Instructions to follow: The entries below contain pictures, which are to be left out; write out exactly, and only, the lines from the line with "The List Automator" up to and including the line with "2019军队文职报名已结束!".

╭─ Input records

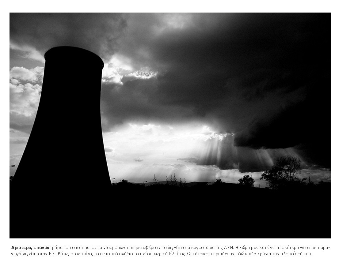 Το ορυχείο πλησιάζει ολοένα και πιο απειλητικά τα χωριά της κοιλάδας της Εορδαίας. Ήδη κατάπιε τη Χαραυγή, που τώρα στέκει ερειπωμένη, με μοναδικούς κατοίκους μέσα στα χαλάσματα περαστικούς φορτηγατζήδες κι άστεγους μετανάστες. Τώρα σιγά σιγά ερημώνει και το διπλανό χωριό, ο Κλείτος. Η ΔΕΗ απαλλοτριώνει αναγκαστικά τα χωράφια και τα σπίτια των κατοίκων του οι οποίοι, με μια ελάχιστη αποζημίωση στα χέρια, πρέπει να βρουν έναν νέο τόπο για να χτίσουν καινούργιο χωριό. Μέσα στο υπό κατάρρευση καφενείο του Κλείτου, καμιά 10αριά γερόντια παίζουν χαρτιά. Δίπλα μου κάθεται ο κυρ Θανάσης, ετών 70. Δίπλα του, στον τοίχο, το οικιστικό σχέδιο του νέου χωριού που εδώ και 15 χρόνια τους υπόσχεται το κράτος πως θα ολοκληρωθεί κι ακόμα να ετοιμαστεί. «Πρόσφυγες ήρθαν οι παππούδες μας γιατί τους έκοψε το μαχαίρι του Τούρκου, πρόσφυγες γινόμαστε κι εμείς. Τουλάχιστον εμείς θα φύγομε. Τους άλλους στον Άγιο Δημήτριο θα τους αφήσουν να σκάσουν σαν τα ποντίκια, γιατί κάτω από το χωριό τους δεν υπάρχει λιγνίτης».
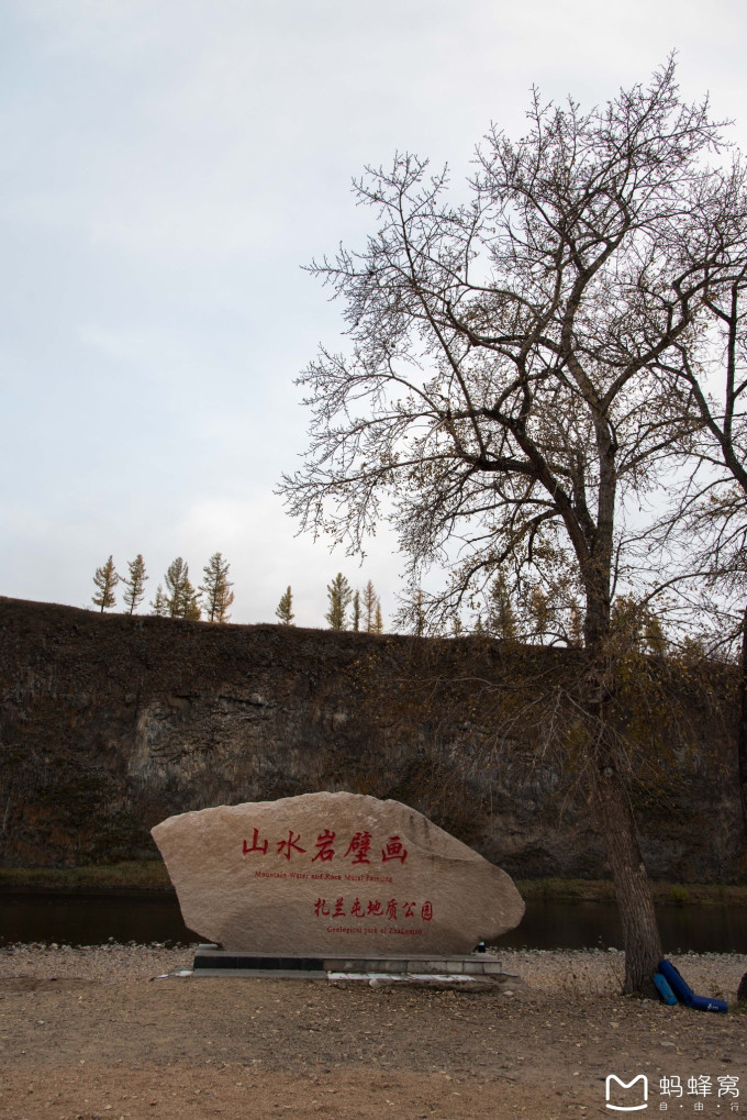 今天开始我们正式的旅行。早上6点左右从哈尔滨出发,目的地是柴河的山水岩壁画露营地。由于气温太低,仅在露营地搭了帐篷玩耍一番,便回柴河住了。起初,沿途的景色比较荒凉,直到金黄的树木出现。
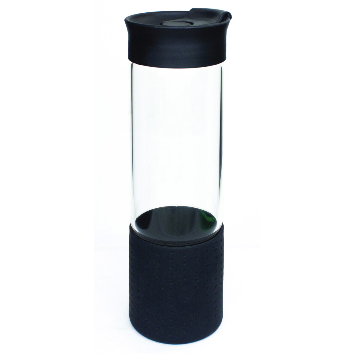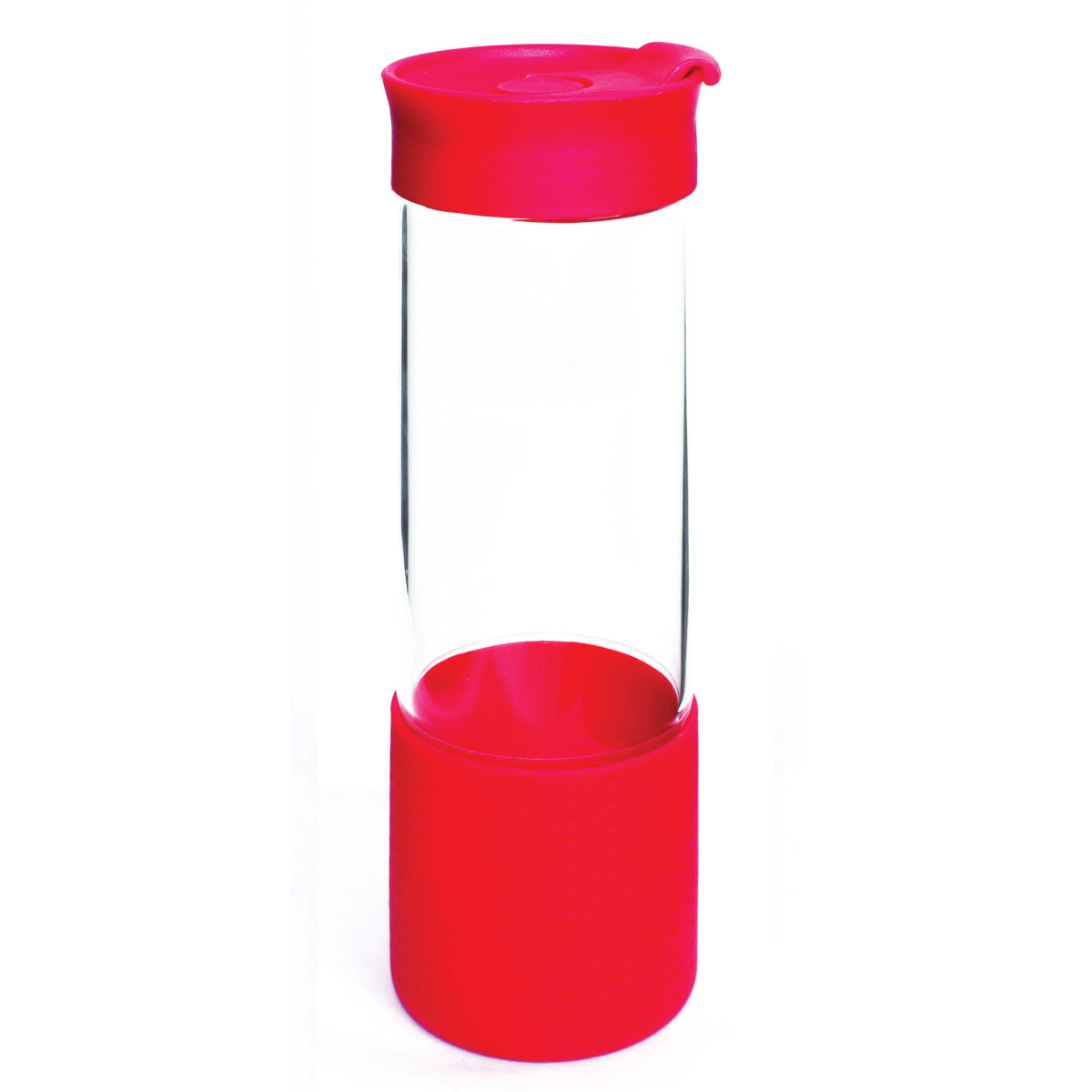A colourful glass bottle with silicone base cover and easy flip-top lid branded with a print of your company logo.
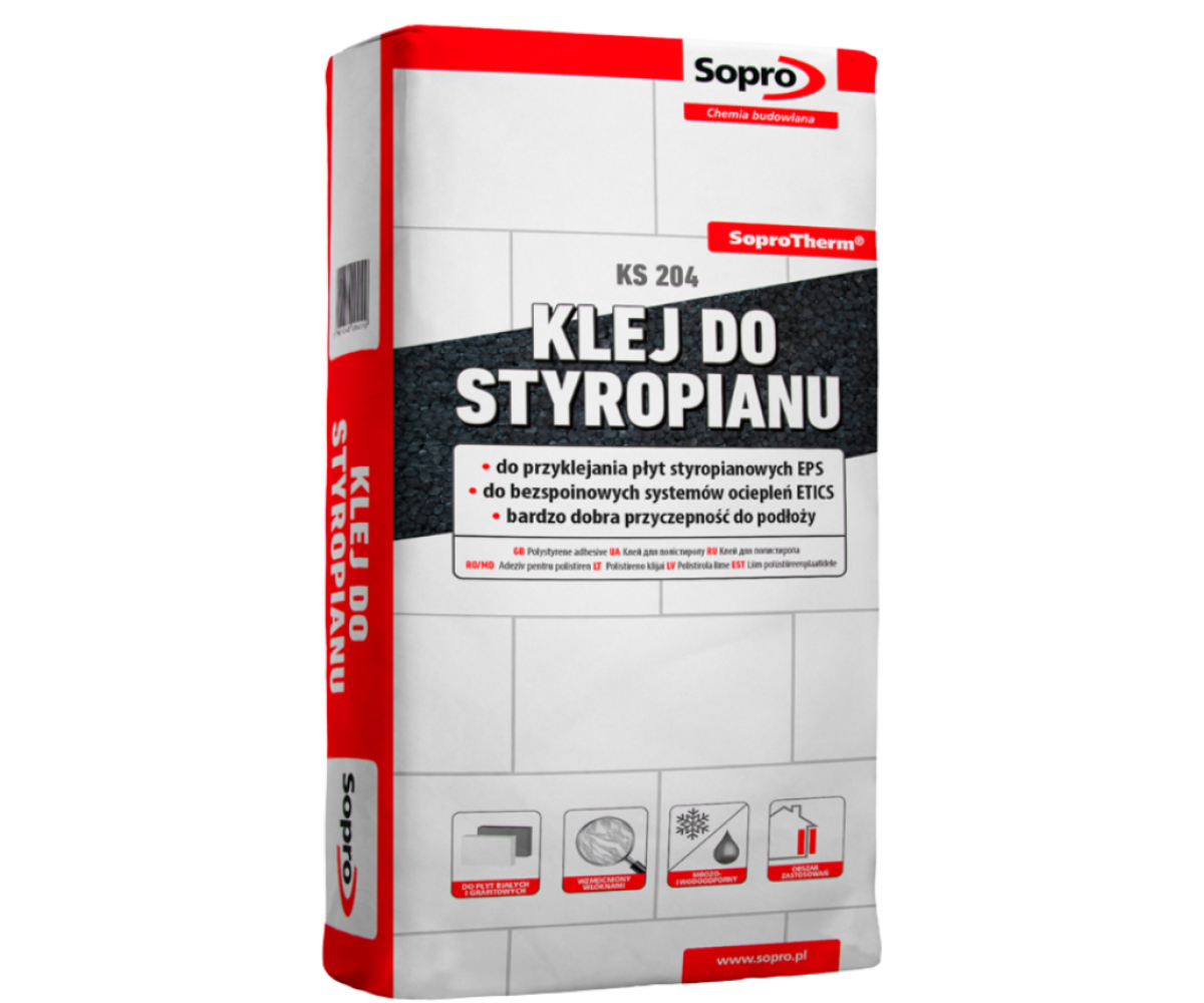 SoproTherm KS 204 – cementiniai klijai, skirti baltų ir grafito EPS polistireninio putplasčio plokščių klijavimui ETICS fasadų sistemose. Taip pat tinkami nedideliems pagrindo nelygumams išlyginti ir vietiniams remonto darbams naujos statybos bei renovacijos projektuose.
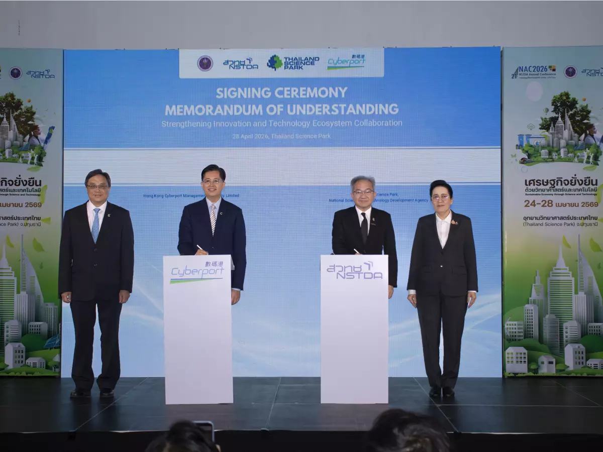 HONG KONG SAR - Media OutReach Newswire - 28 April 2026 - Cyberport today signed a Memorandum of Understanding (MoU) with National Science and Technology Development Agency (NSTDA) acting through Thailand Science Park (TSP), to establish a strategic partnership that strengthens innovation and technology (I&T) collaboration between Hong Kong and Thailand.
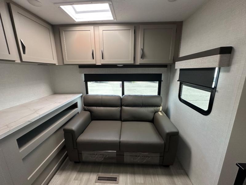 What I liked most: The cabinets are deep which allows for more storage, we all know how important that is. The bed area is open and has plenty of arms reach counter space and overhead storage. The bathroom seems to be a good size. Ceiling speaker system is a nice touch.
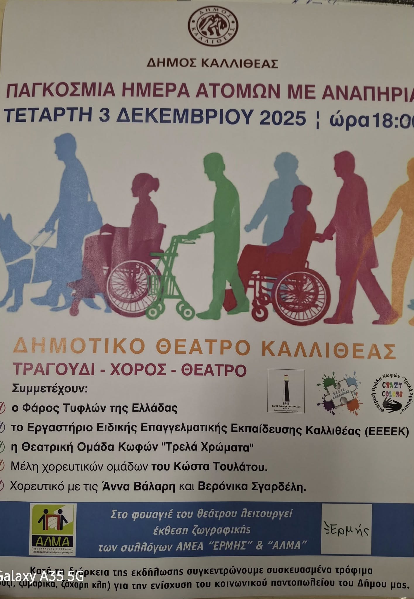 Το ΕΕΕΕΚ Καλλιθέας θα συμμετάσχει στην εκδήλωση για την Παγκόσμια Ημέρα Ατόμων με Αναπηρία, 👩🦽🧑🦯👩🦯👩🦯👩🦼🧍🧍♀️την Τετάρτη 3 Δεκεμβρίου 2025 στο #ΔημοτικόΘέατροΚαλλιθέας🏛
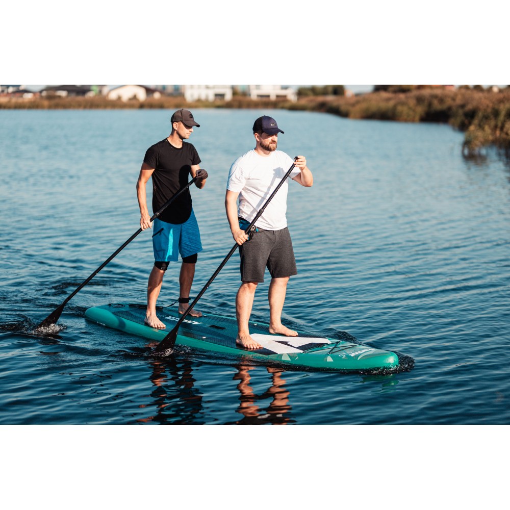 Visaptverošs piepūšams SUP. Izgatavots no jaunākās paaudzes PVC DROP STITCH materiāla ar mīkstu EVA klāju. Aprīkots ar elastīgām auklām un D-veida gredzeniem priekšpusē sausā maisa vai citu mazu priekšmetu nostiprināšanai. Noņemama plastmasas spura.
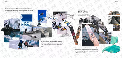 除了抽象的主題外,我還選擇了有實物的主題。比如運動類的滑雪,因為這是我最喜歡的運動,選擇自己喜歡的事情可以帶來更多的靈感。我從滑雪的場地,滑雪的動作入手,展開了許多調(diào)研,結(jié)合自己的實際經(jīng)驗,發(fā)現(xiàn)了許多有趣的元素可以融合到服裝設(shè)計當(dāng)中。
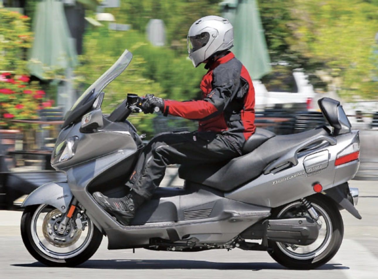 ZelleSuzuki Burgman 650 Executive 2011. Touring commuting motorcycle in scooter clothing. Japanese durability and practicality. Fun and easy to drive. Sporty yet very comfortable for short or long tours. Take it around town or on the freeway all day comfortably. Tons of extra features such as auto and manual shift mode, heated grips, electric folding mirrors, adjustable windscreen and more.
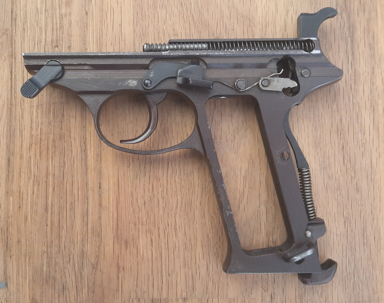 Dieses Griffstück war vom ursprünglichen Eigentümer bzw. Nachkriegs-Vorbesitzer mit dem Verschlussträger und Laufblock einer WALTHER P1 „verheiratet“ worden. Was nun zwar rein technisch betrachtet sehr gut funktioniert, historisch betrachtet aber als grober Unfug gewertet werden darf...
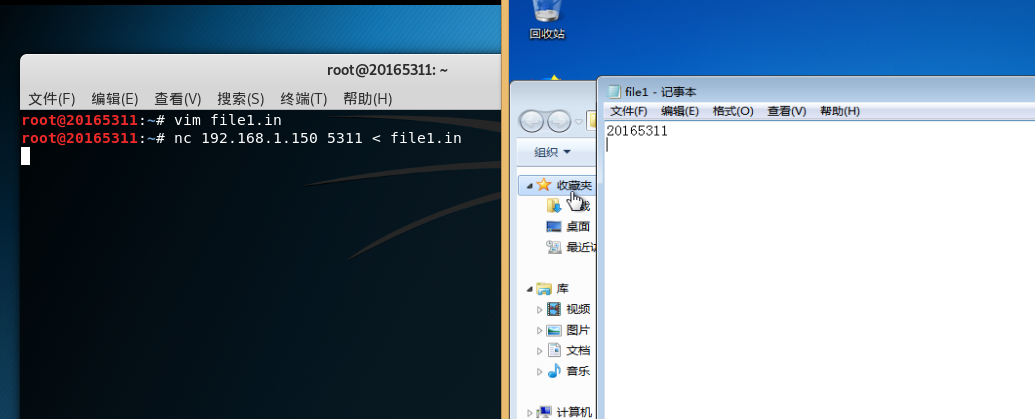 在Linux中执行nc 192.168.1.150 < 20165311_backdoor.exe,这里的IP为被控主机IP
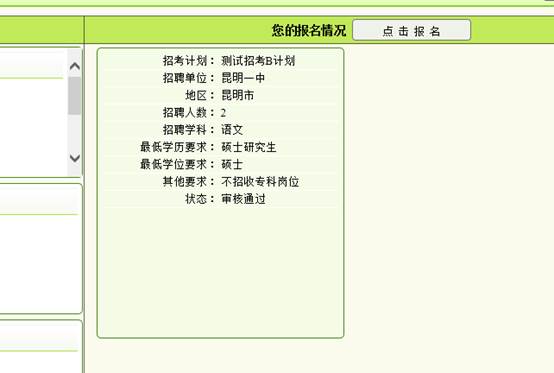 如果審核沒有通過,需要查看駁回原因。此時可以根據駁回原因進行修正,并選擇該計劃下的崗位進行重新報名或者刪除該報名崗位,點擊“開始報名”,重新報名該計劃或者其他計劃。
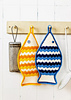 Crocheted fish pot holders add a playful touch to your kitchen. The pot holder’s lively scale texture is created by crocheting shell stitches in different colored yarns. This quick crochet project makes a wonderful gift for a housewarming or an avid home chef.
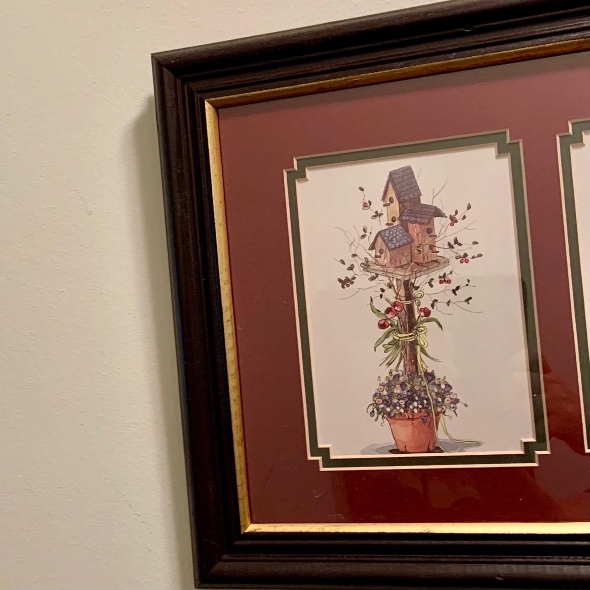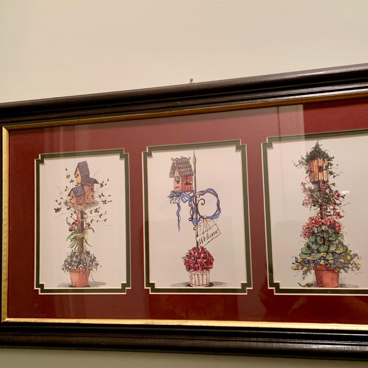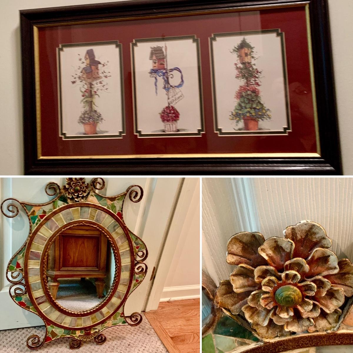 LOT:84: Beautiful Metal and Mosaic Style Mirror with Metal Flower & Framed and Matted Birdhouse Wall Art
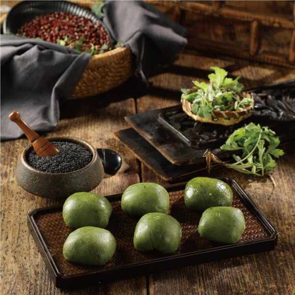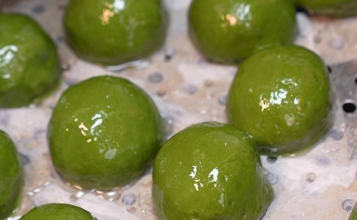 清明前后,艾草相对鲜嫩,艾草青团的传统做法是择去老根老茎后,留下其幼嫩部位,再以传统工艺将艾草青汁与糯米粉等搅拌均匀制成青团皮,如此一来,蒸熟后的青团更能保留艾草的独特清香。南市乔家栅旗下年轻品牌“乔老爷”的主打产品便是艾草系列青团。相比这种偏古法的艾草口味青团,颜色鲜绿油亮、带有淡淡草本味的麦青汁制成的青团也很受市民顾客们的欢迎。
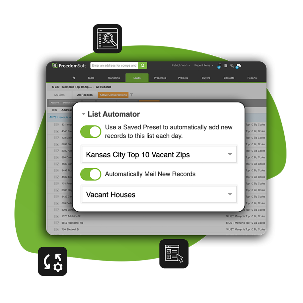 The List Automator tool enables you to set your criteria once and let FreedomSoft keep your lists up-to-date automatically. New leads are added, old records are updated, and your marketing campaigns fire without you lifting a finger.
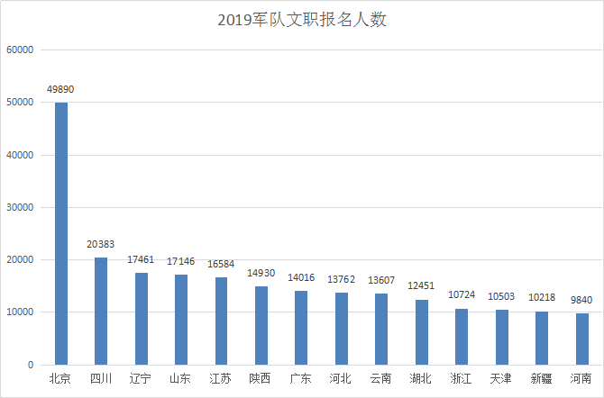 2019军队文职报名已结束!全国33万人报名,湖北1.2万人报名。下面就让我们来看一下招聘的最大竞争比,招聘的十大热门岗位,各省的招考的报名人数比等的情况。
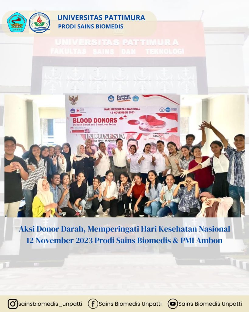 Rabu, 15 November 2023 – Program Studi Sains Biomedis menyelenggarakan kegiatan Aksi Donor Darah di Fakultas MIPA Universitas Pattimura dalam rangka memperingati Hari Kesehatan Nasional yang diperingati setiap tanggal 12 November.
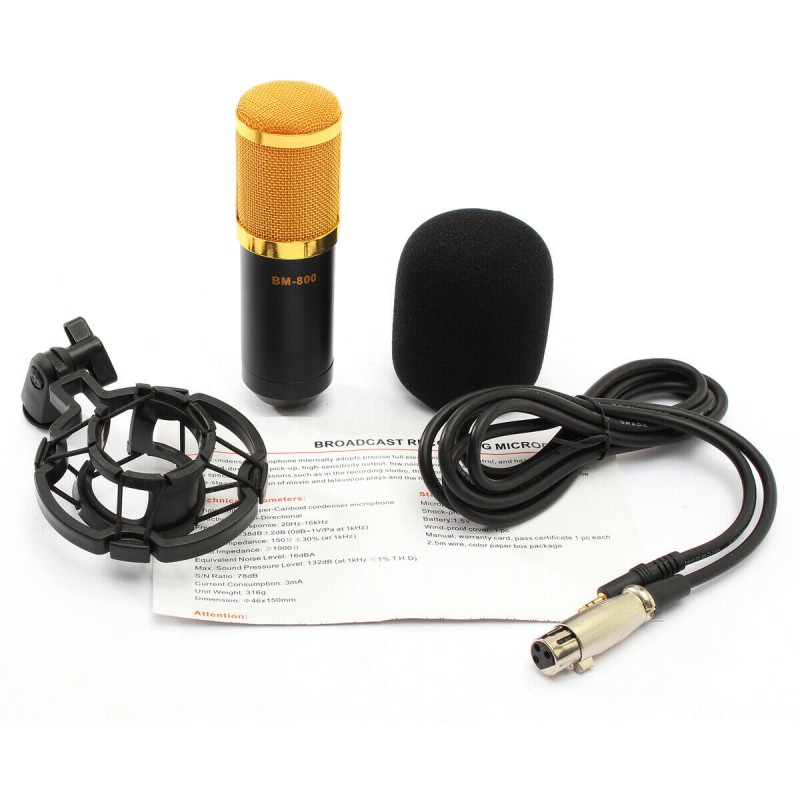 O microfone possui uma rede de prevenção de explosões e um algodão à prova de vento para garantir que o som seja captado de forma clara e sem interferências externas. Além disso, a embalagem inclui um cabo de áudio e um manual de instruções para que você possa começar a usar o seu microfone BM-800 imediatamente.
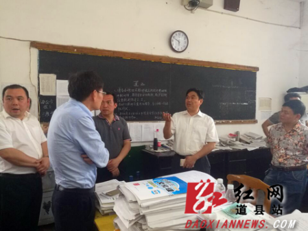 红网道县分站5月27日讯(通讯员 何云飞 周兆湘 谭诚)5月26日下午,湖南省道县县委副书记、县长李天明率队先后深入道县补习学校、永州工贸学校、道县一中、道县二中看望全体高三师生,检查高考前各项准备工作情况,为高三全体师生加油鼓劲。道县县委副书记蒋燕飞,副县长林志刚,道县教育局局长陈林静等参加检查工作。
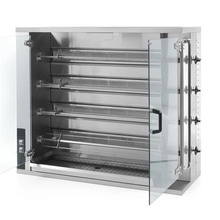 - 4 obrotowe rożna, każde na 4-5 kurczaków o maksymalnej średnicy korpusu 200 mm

╰─

Task solution:
 The List Automator tool enables you to set your criteria once and let FreedomSoft keep your lists up-to-date automatically. New leads are added, old records are updated, and your marketing campaigns fire without you lifting a finger.
 2019军队文职报名已结束!全国33万人报名,湖北1.2万人报名。下面就让我们来看一下招聘的最大竞争比,招聘的十大热门岗位,各省的招考的报名人数比等的情况。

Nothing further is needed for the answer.